With acquittal, Trump is now allowed to play a part in any future elections he chooses, and his most prominent followers and vocal supporters before insurrection in Congress — Marjorie Taylor Green, Ted Cruz, and Josh Hawley are left without facing any consequence apart from general bipartisan disdain.
It has resulted in a sense of uneasiness and fragility that wasn’t as overtly present as it was before Trump’s presidency.
The police of the world failed to convict for treason, and it has ousted foreign leaders for less.

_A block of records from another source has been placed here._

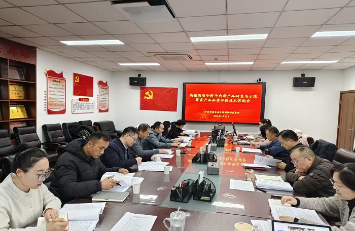 1月22日,自治区兽药饲料监察所组织召开高值高质冷鲜牛肉新产品研发与示范暨畜产品品质评价技术咨询会,特邀中国农业科学院农产品加工所、宁夏大学、宁夏农林科学院及牛肉加工企业的6名专家,为精准推进项目攻关与科室职能建设把脉定向、献计献策。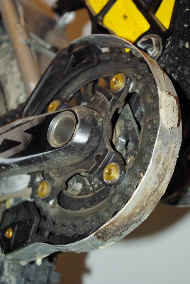 improvizált láncvédő sár ellen E13 LG1 láncterelőn, pocsolyában és homokban való kipróbálás után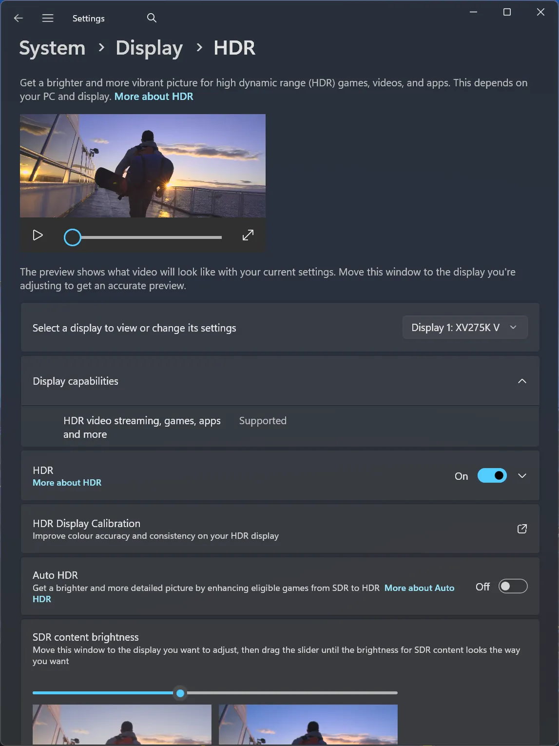 В режиме HDR возможности монитора не расширяются, диапазон яркости в условиях неизменной температуры точки белого сохраняется на том же уровне, но регулировка яркости вручную дезактивируется.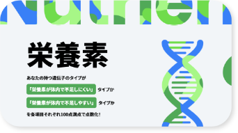 栄養素に関連する81の遺伝子を解析し、遺伝的に不足しがちな栄養素の傾向や、おすすめの食品がわかります。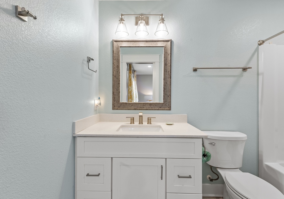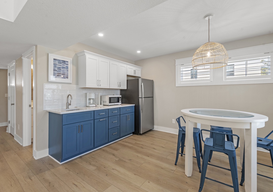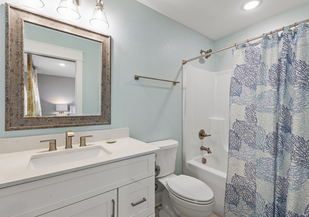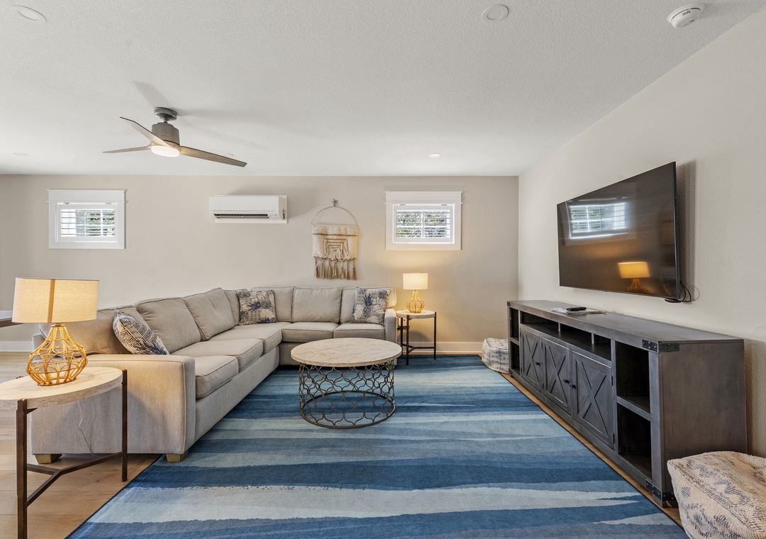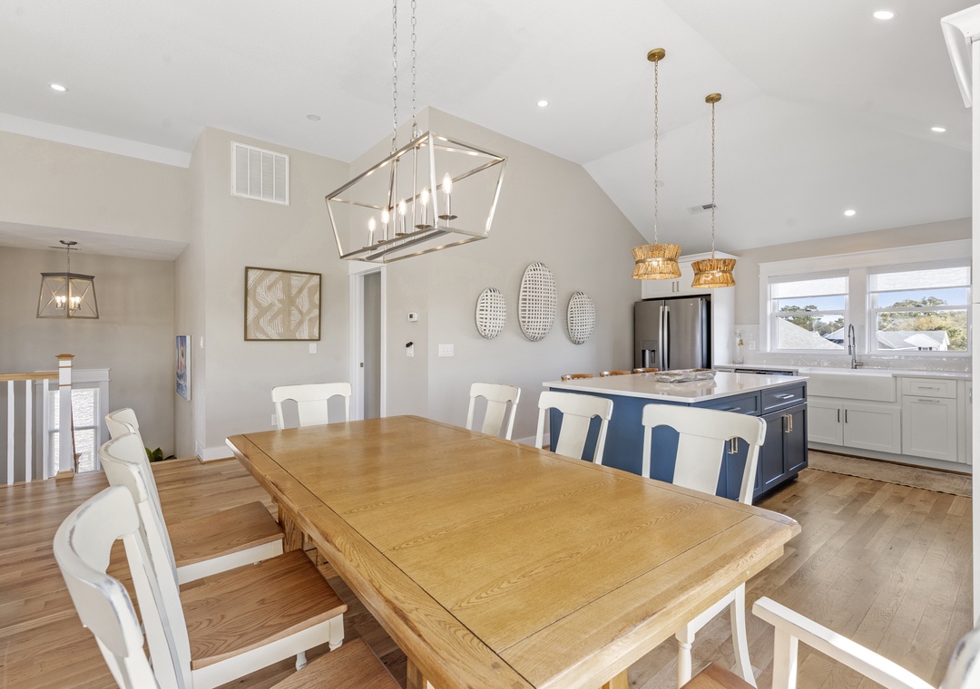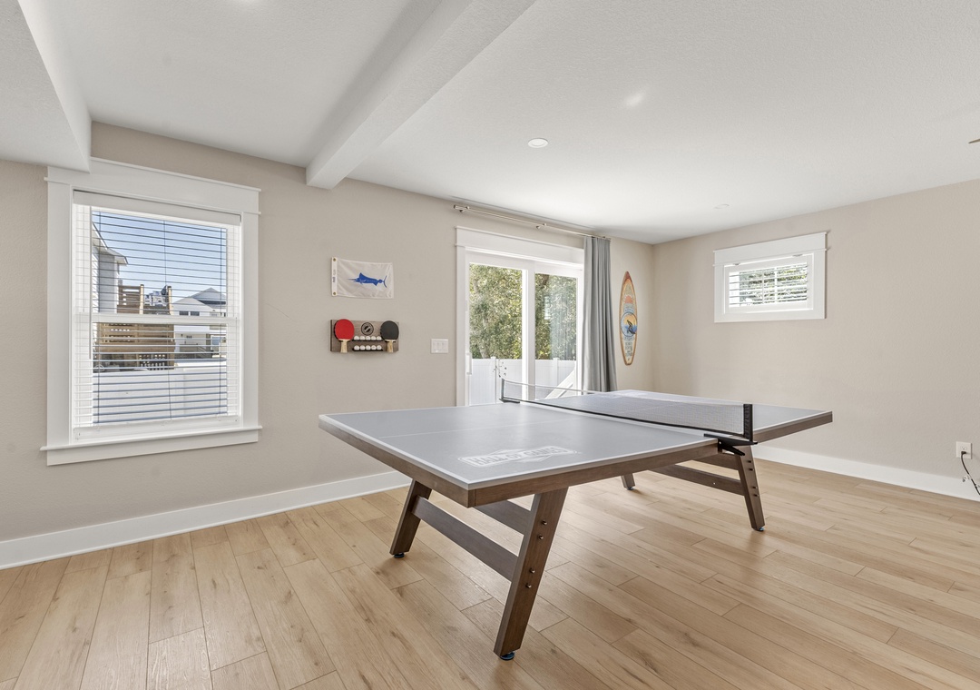 The first level of this spectacular home boasts a sunny rec room with direct access to the backyard. Gather here with your family and friends and create everlasting memories playing Ping-Pong or streaming entertaining movies and series on the smart TV in the lounge area. The well-appointed kitchenette has your back when snack time comes - find a full-size fridge to store all of your goodies, a microwave, and a coffee maker along with a convenient table. This level also features a full bathroom. The second floor features three out of four bedrooms, a laundry room with a washer/dryer, and a spacious deck with rocking chairs. All three OBX-themed bedrooms have smart TVs and en suite bathrooms.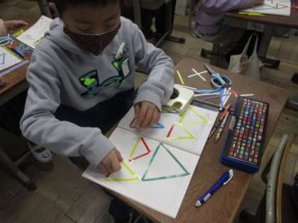 3学期,はじめの算数の学習は,三角形です。今日は,色々な長さの色棒を使って,色々な形の三角形を作りました。それぞれが楽しそうに活動していました。明日は,作った三角形を仲間分けしていきます。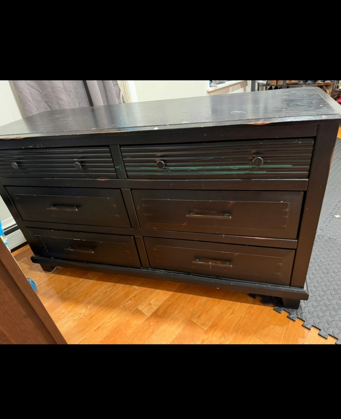 20Dark wood dresser. Six drawers. Some minor scratches and scuffs. Small hole in the back can easily be fixed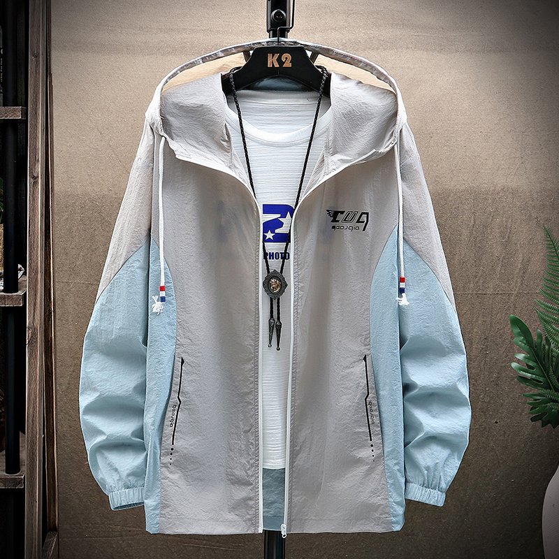 Color: Grey, Size: 2XL – Men’s Summer Korean Style Trend Ultra-thin Ice Silk Outdoor Jacket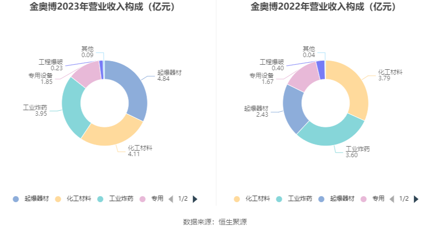 分产品来看,2023年公司主营业务中,起爆器材收入4.84亿元,同比增长99.41%,占营业收入的32.10%;化工材料收入4.11亿元,同比增长8.54%,占营业收入的27.28%;工业炸药收入3.95亿元,同比增长9.73%,占营业收入的26.18%。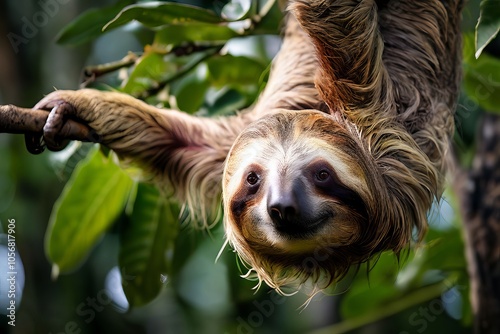 © balausa, Fototapeta premium a sloth hanging upside down from a tree branch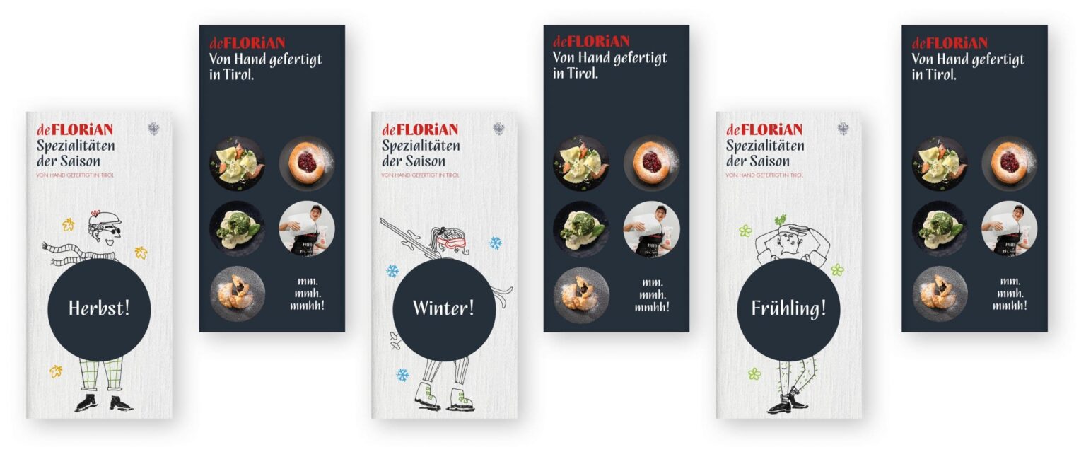 deFLORIAN ist bekannt für seine handgemachten Tiefkühlgerichte wie Knödl, Schlutzkrapfen, Rindsrouladen, Herstlsuppe und andere Tiroler Gerichte, die man leicht zu Hause zubereiten kann.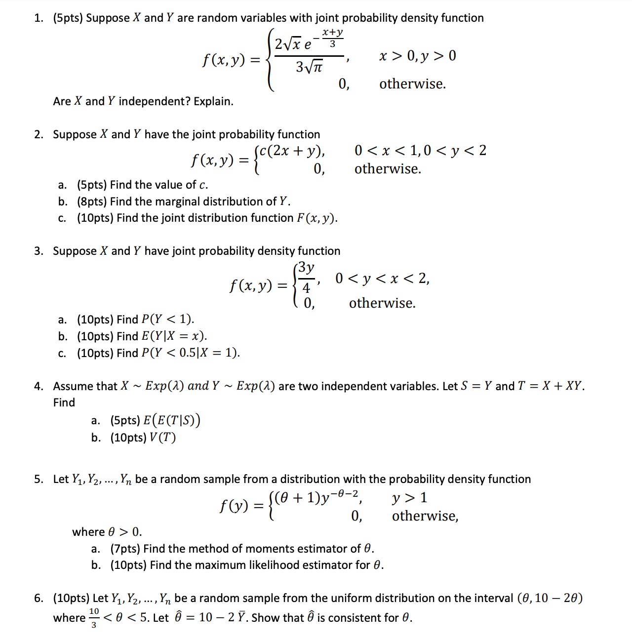 1. (5pts) Suppose X and Y are random variables with joint probabili...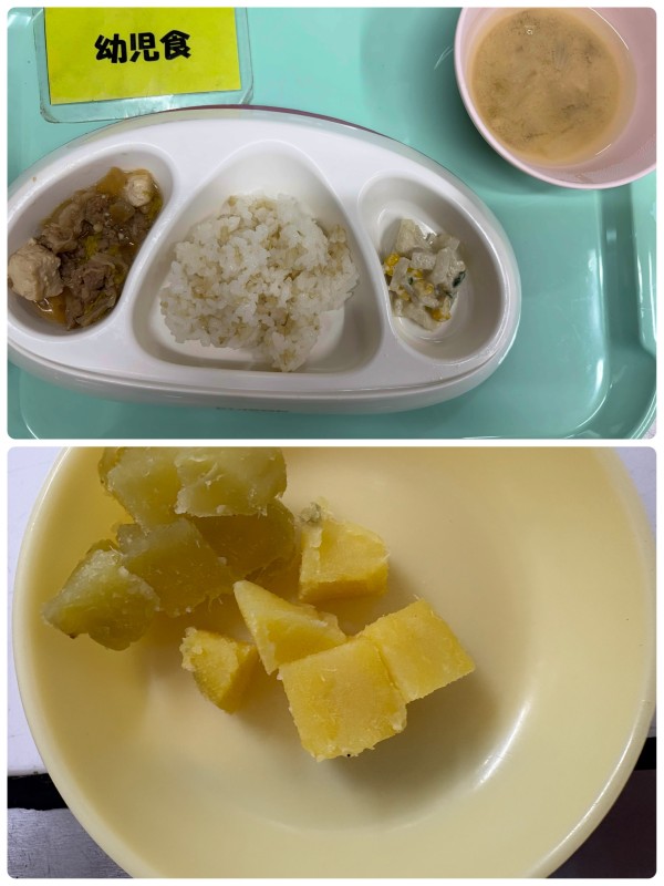 ご飯、豚肉のすき焼き風煮物、大根のツナ和え、みそ汁 15時のおやつ 焼き芋🍠

No one knows the U.S.’s police tactics better than Mexico and Latin America.
Trump’s presidency saw a more hands-off approach than his predecessors, though his administration still intervened extensively via backing a presidential coup in Bolivia and recognizing an illegitimate president in Venezuela.
In response, President Andres Manuel Lopez Obrador (AMLO) and Latin American Leaders have adapted their policies to account for the United States’ absence. On the flip side, residents of these countries have also ventured to take back power into their own hands.
Mexico has a self-proclaimed leftist at the helm who has outwardly expressed his own disapproval of his perceived censorship of elected officials like Donald Trump, and pointedly delayed his congratulations of Biden’s victory for weeks.
Then, in mid-January, AMLO’s government exonerated a Mexican general and former defense minister, Salvador Cienfuegos, who was previously arrested in the United States for collaborating with a drug cartel.
This is without mentioning the issue of immigration, which apart from border wall efforts, was largely untouched by Biden’s predecessor. This distance also gave way to large-scale calls for social change in Latin America.
Demonstrations broke out across South America in 2019, and well into 2020 until they were partly dissipated by the global pandemic.
Across Chile, Colombia, and Ecuador, protestors took to the streets, at times with violence, to express anger at elites and economic inequities that keep them at the top. In Peru, residents protested a corrupt presidential election,and in Bolivia a U.S.-backed coup led to an uprising.
There are two sides: that the United States’ distance over the last four years has resulted in the class uproars, and the other — that it is because of the distance that these nations are able to manifest themselves.
But Biden wants back in.
The former vice president is known for implementing U.S. policy in Guatemala, and Colombia, and maintaining ties with one of our closest neighbors, Mexico.
In Guatemala, then-Vice President Biden pushed former president Molina to accept the U.N.-backed International commission against impunity (CICIG) to investigate corruption and allegations of bribery. In the end, Molina and his Attorney General were ousted and jailed.
In the 90s Biden’s career as a senator saw him play a key part in the Plan Colombia, an anti-drug-trafficking, anti-violence financial and security package that, while it had strategic interest, has seen general praise.
There’s reason to believe that Biden at the helm will restore a sense of the U.S.’s prior foothold in Latin America, but this was before Jan. 6. Unfortunately for the president, this was out of his hands, and the fault of the nation’s broken system of justice.
It’s been widely said that Senate Minority leader Mitch McConnell demonstrated his true colors on Feb. 13, but in reality, it was the United States.